Mayor Wilson is right about homeless funding
Even if he hasn’t made the strongest case
By Bob Weinstein
Portland Mayor Keith Wilson’s request that Washington and Clackamas counties contribute $6 million and $4 million respectively to Portland’s shelter system has drawn predictable resistance. Washington County leaders are weighing a token $1 million; Clackamas County officials say they must “carefully consider the financial impact.”
But the political friction obscures a deeper truth: Wilson is right to ask, more right than his own argument makes clear. Wilson has not framed his request around the distribution formula at all. His stated rationale is simply that Portland shelters serve residents from across the region. That is true, but an understatement.
The real problem is not Portland’s $15 million shelter shortfall. It is a structural flaw in Metro’s Supportive Housing Services (SHS) formula, which distributes money by population rather than by where homelessness is actually concentrated.

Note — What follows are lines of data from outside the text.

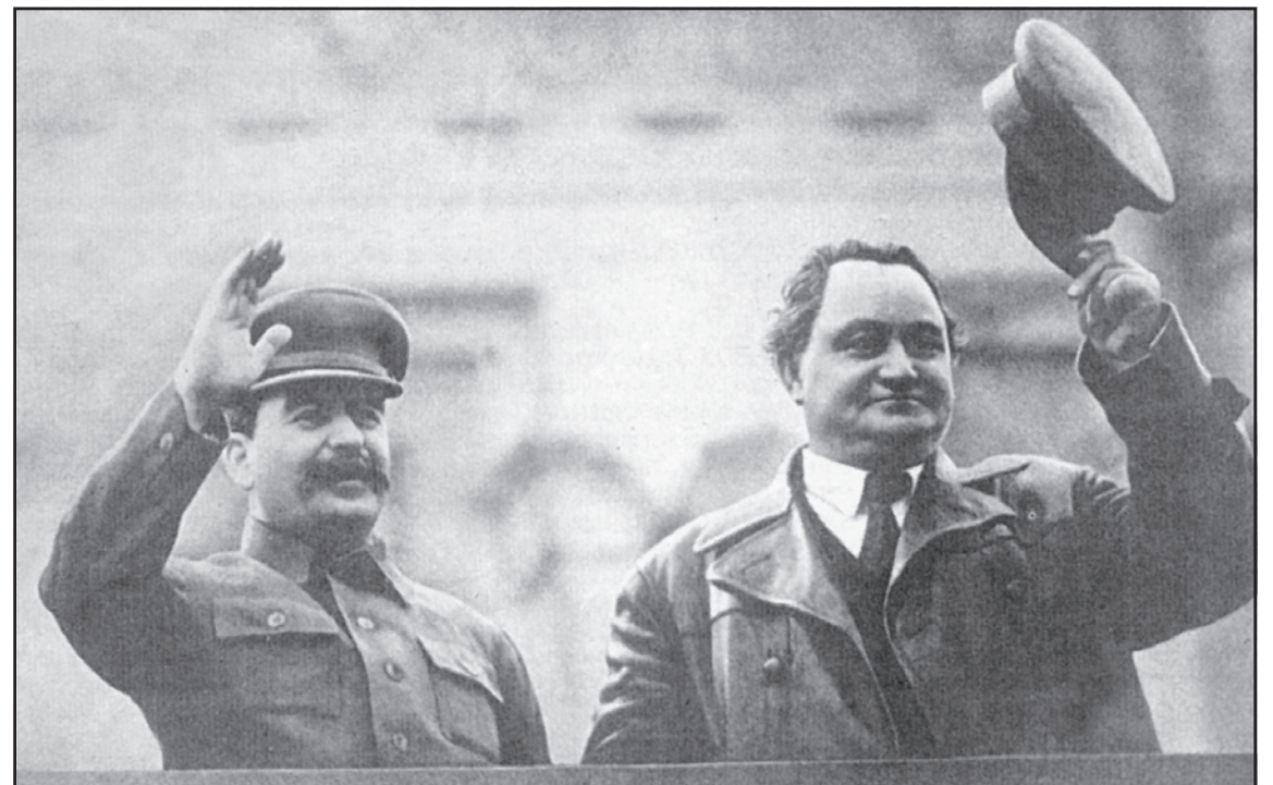
ДИМИТРОВ и СТАЛИН... Они были товарищами, соратниками по борьбе. И не единожды во время советских праздников вместе приветствовали с трибуны ленинского Мавзолея колонны москвичей.

- Я целиком согласен с нашим полпредом, что, кроме трусости Бориса, он желает сохранить и запасной выход: мол, единственный глава государства, не объявивший войну Советскому Союзу, и поэтому достоин снисхождения; может, это позволит сохранить и царский трон.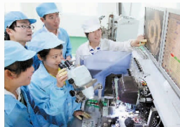
六安市现代化企业车间

特别值得一提的是,该市近期颁发的《六安市重点产业规划》,对六安市产业导向进行了明晰:2010年,通过大力发展汽车、钢铁、机电、农副产品深加工、建材、电力、纺织服装和特色高新技术等八大产业,着力延伸产业链,抓好大企业、大集团培育,初步构建起现代工业体系的基本框架和雏形,形成跨越发展的坚实基础和强大支撑;到2015年,通过组织实施一批重大产业化项目,全力打造产业集群,提高企业自主创新能力,形成相对完整的工业体系,全市人均工业增加值达到或接近皖江城市群的平均水平;到2020年,实现合肥经济圈制造业集聚区和鄂豫皖三省毗邻地区工业高地的目标。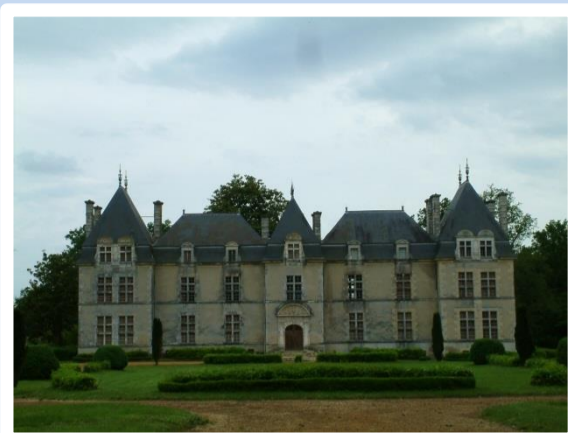
Le château de Ravignan et la visite de son chai (Bas-Armagnac)

3 Octobre 2015 – Dans les Landes... (Château de Ravignan, Saint-Justin, Buros)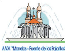
AVV. "Monelos - Fuente de las Pajaritas"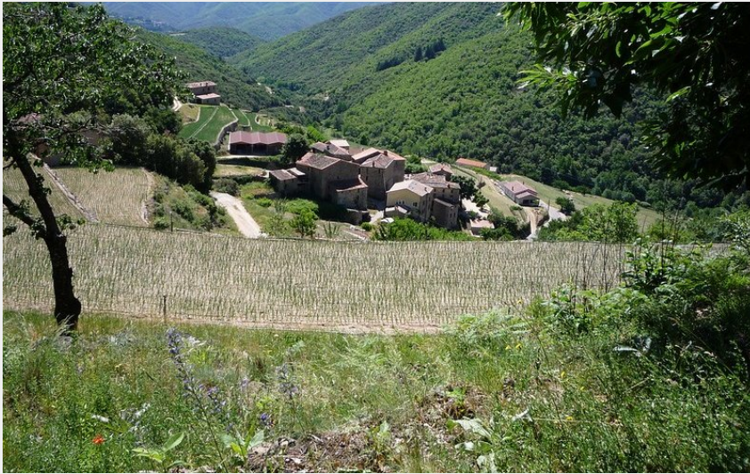
Village de Taleyrac (Michel Monnot)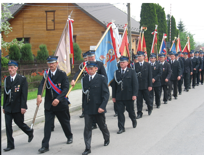
3 maja 2013 - rocznica uchwalenia Konstytucji i Gminne Święto Strażaka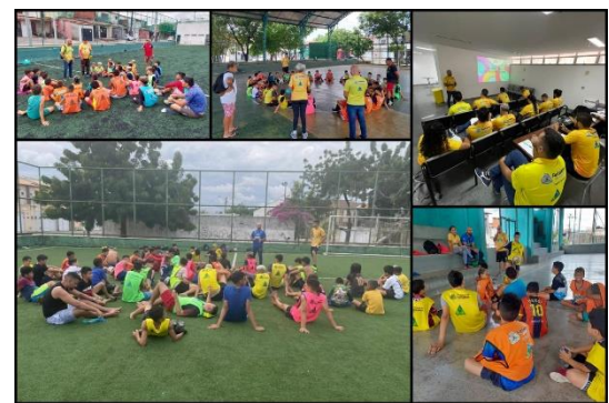
Ações do Serviço Social.

Somam-se a isso, as ações de organização do processo de educação permanente, por meio de material de apoio e reuniões de planejamento para o andamento das atividades de Serviço Social no PAC, com assessoria à Fetricee.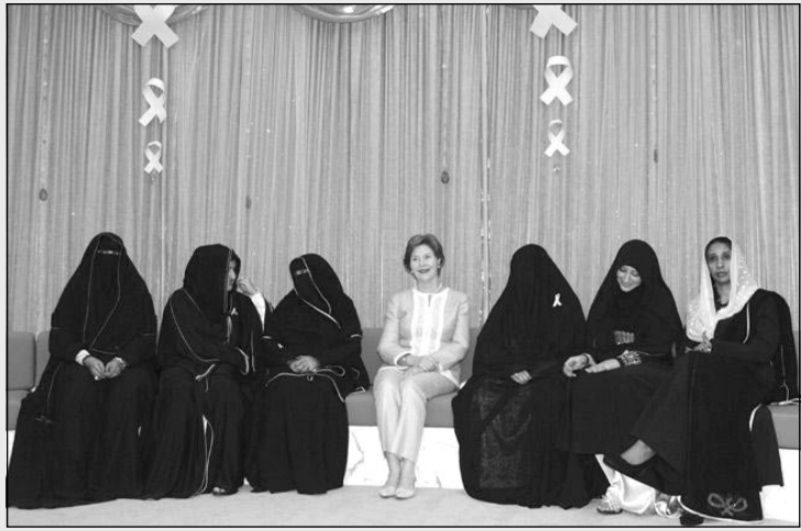
لورا بوش: در جمع این خانم‌ها نمی‌دانم چرا احساس برهنگی می‌کنم!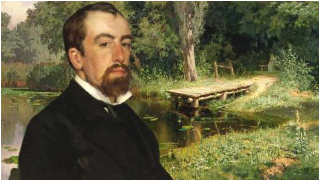
1920 — Давид Самойлов , российский поэт.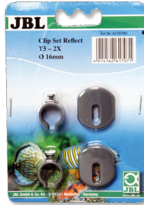
JBL SOLAR REFLECT Kit clips Fixation pour tubes fluorescents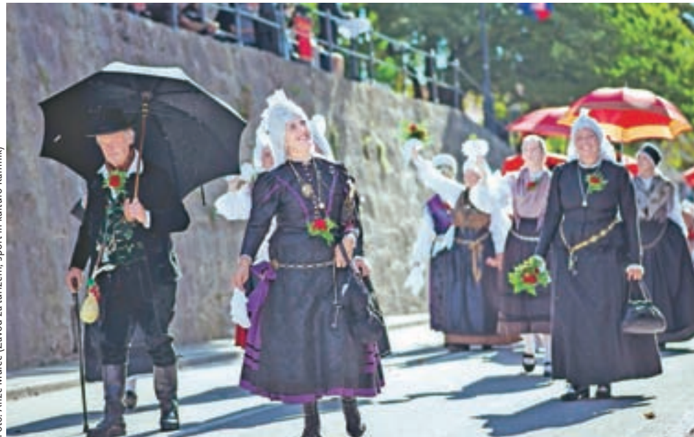
Slavnostne povorke se vsako leto v »črni noši« udeleži skupaj s svojim možem.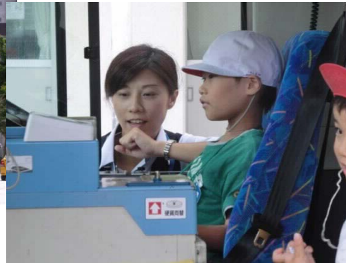
小学生のバス乗り方教室で、優しくレクチャー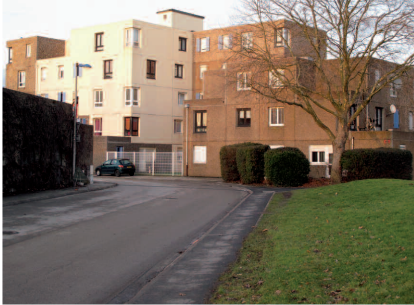
Collectif, rue Jacques Duclos, centre du Courghain, GGK, 1977 Photographie M. Prévot & C. Leclercq, 2009.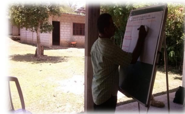
Ilustración 6. Ejercicio de la identificación de necesidades y arbolito de problemas de manera participativa.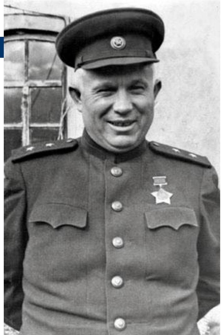
Никита Сергеевич Хрущев Секретарь ЦК КПСС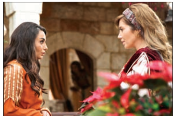
مشهد من مسلسل «بنت الشهبندر»

سرب قبل أسبوعين تقريبا، فيديو يروي حكاية مسلسل «بنت الشهبندر»، بعد أيام قليلة من انتهاء تصويره في لبنان، ما أثار استياء صناعات العمل، وخصوصا منتج العمل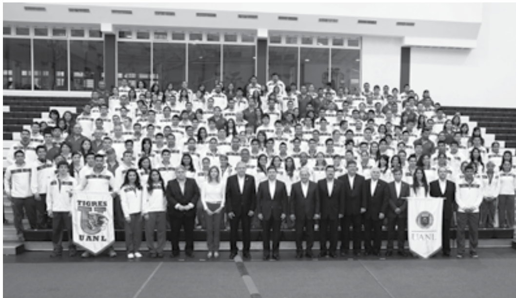
El Rector de la UANL, Jesús Ancer Rodríguez; el Gobernador del Estado de Nuevo León, Rodrigo Medina de la Cruz; acompañados de autoridades universitarias, gubernamentales y deportistas. 16 de mayo de 2013.

La campaña “Salvando vidas”, dirigida a la población adolescente del estado, inició actividades desde la Escuela y Preparatoria Técnica Médica de la UANL, hasta donde acudió el Gobernador Rodrigo Medina de la Cruz para encabezar la ceremonia y compartir los avances del Plan de Acción en respuesta de la Encuesta Estatal de Salud y Nutrición.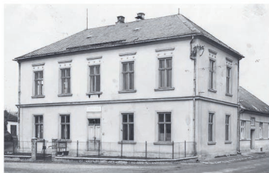
Majetínská škola – historická fotografie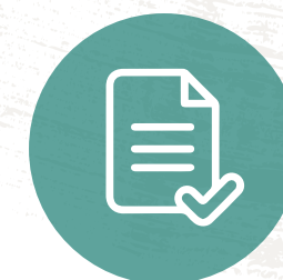
Aprobación y publicación de la política en el Diario Oficial La Gaceta el 17 de mayo del 2021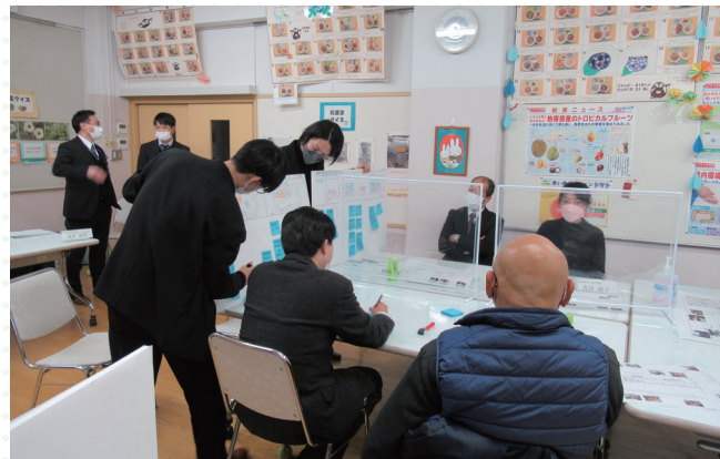
■地域開放、連携ゾーンについて意見交換を行いました。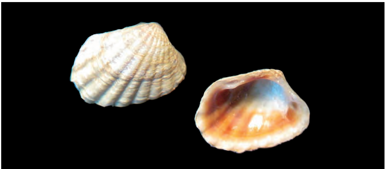
Figura 6. Carditella (Carditella) naviformis (Reeve, 1843); Longitud, 5,0 mm; altura, 2,8 mm.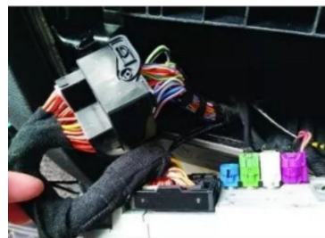
12. Verbindung zwischen Stecker und originale Haupteinheit-Stecker.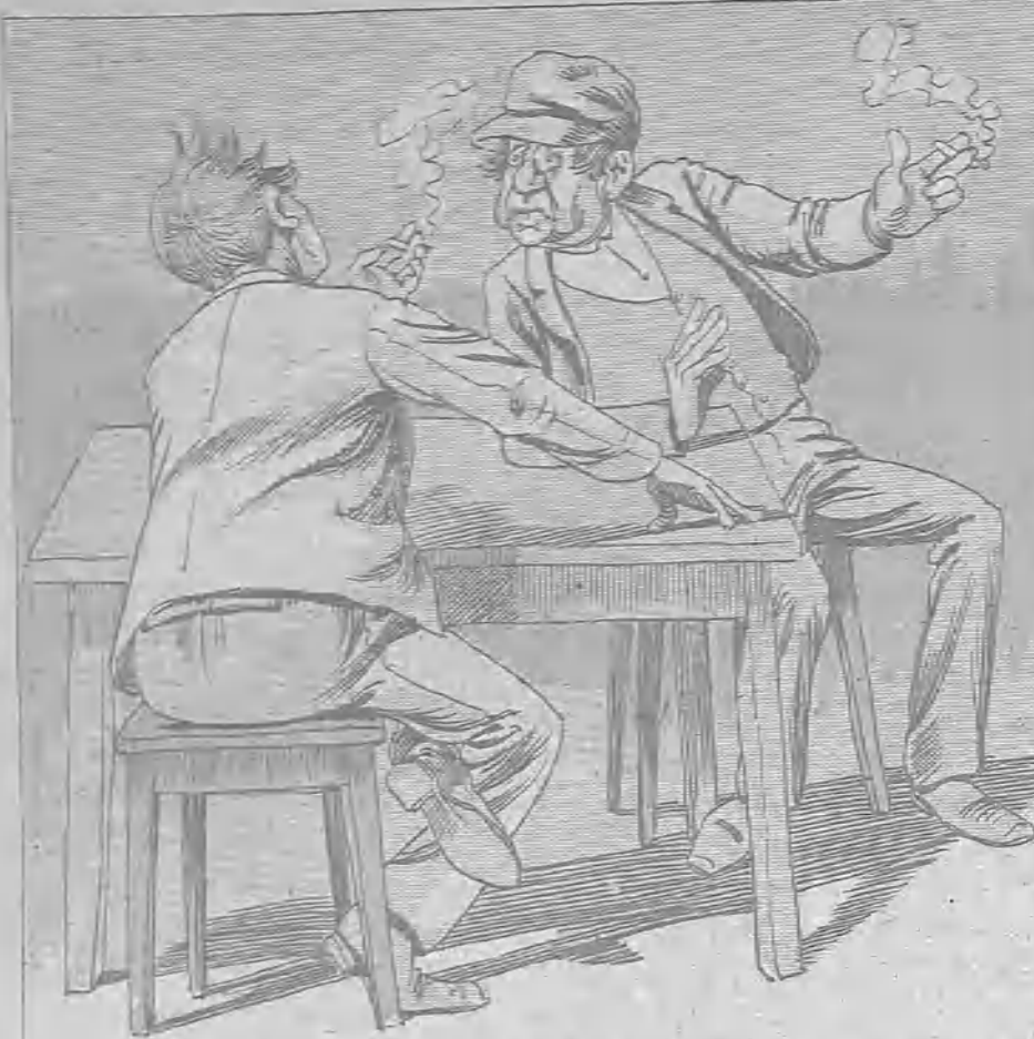
—Yo lo que te digo es que en cuanto que guipa á tu mujer, le doy una patiza que yo entiendo; porque pá que tú lo sepas, nos está engañando.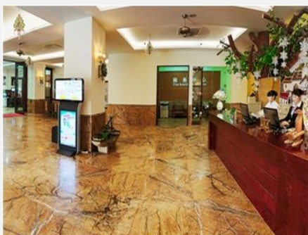
海口新标榜休闲度假酒店（海口新标榜度假休闲港）

简介：新标榜属海南首家引领时尚、健康、集商务客房、餐饮、商务会议、美容美发、中医、足疗、水疗等服务项目为一体的四星级休闲度假型酒店。离海口美兰机场 30 分钟，离车站、码头仅 10 分钟车程，是社会各界人士居住、休闲度假的理想之地。

Money follows population, not need
Metro collects hundreds of millions annually for homelessness services. Yet 95% of SHS dollars are allocated based on each county’s share of the region’s population, not its share of the homeless population. That mismatch has enormous consequences.
Chart 1 illustrates the fact that Multnomah County has 87% of the regions homeless population, yet receives only 45.3% of SHS revenue. Washington and Clackamas counties—home to far fewer homeless residents—receive dramatically more funding per homeless person. This is a structural misalignment between where the crisis is and where the resources flow.
Homelessness in the region is heavily concentrated in Multnomah County—particularly in Portland—where service demand, system strain and public visibility are greatest.
Clearly, the distribution formula is not fair and needs to be changed. A fairer distribution formula might provide each county with 25% of its allocation based upon total population and 75% based upon the county’s homeless population.
Cost per homeless person
Chart 2 makes the inequity unmistakable. Under the current formula, Washington and Clackamas counties receive over $100,000 per homeless person, while Multnomah receives roughly $13,000. Even under the 75/25 formula, Multnomah would receive only about $20,000 per homeless person, while Washington and Clackamas would still receive around $40,000 per person.
This is not a radical proposal. It simply reflects the principle that resources meant to address a problem should be concentrated where the problem is concentrated.
A formula that spends six times as much per homeless person in Beaverton as in Portland is not equitable by any reasonable standard regardless of how equity is defined.
Suburban response in context
Washington County leaders argue that shifting money “doesn’t solve the problem.” Clackamas County officials question Portland’s performance.
Those concerns may resonate politically, but they do not address the underlying math: suburban counties benefit from a formula that allocates them far more per homeless person than to Multnomah County.
Multnomah County faces a $68 million shortfall in its Homeless Services Department and may close multiple shelters—-facilities that serve residents from across the region. In practice, Portland’s shelters function as the region’s emergency system.
Against that backdrop, Wilson’s $10 million request is not a bailout. It is a temporary patch over a flawed formula.





Bob: Your usual good sense has left you. The more money you throw at so-called homelessness the more homelessness there will be. Who can forget that in the 1980's when you know who had to get homeless voters for a certain county in Central Oregon a nationwide casting call was required. Jurisdictions like Portland have subsidized the homeless lifestyle since then and made it an attractive alternative for a portion of our population. The way to cut homelessness is to cut the subsidies not ask counties that are less committed to subsidizing the problem to throw money at ones that can't seem to get it.
I typically agree with your take on Portland’s afflictions, but not in this case. The homeless are concentrated in Multnomah County/Portland because of county/city policies related to camping, open air drug use, lax law enforcement, etc. Portland shouldn’t be rewarded with additional funding to address social dysfunction its policies enable. The Mayor and Council need to live within their means. They have plenty of money, what they lack is prioritization/focus, pragmatism and effectiveness. Funneling more money to these people is throwing good money after bad.